During a July 31 special session, the five board members, staff and three state legislators withdrew into executive session to discuss the county's recourse to the resistance against the cross-county connector.
The reason the commissioners gave for closing the meeting to the public was to discuss legal advice, but meeting participants were mum afterward about what they discussed or decided.
"The plans to move forward … are at a standstill, and I do mean standstill," said Charles County commissioners' President F. Wayne Cooper (D). "The county has spent more than $650,000 to analyze the impact of the cross-county connector. We're in a state of paralysis by analysis. We have been jerked around by the U.S. Army Corps of Engineers and the Maryland Department of the Environment."

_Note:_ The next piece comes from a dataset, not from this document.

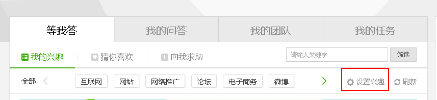 3、给自己的每个帐号设置兴趣,兴趣内容一定是自己粉丝关注的关键词。如果是热门行业的公众号,那么每个帐号设置3-5个兴趣,如果是冷门行业的就设置8-10个兴趣。(在百度知道的个人中心里面有个设置兴趣选项,如下图)
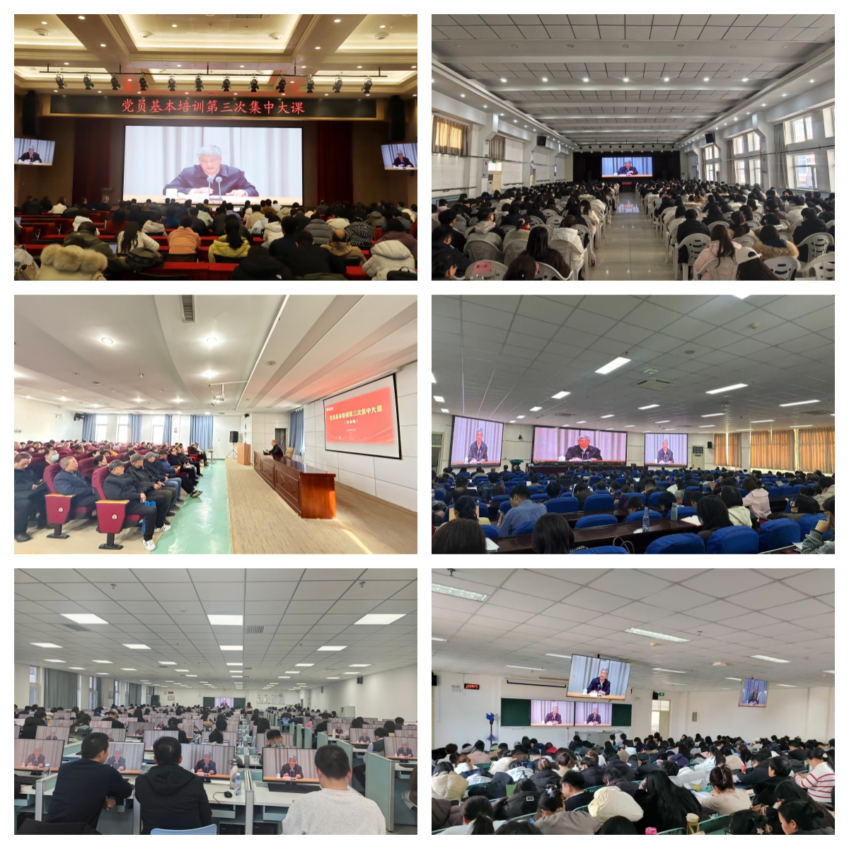 【澳门十大信誉网赌大全新闻中心讯 冯禹君/文 王文娣、各单位/图】为进一步强化全校党员理论水平和党性修养,切实提高党员队伍素质能力,按照自治区教育工委有关工作要求,12月3日,信誉网赌组织全校党员开展党员基本培训第三次集中大课,学习中央党校(国家行政学院)副校长(副院长)谢春涛讲授的“中国共产党与中华民族伟大复兴”视频课程。全体在校校领导和全体教职工党员、离退休党员、学生党员在笃行楼1楼报告厅主会场和其他14个分会场同步参加大课学习。校党委副书记张桓主持培训会。

"People talk about the impact [of the connector] without thinking of the other things that go on with the planning of the county," said Sen. Thomas "Mac" Middleton (D-Charles). "For a high-density planned development you've got to have safe connections and good infrastructure, and this project is an integral part. I think we need to engage with [the Department of the Environment] and the [Army Corps] and have some straight talk with them."
Dels. Murray D. Levy and Sally Y. Jameson, both Charles Democrats, also attended the meeting.
The fighting words uttered during last week's meeting come only days after several blows to the county's plan to connect the western portion of the region with its urban center via a new highway between Middletown Road and Route 210.
On July 21, the county's planning and growth department received word from the state that its authority to require a Tier II anti-degradation analysis was applicable to the connector project, after the county requested MDE take another look at the scope of its jurisdiction. Tier II streams have the second highest-quality water in Maryland.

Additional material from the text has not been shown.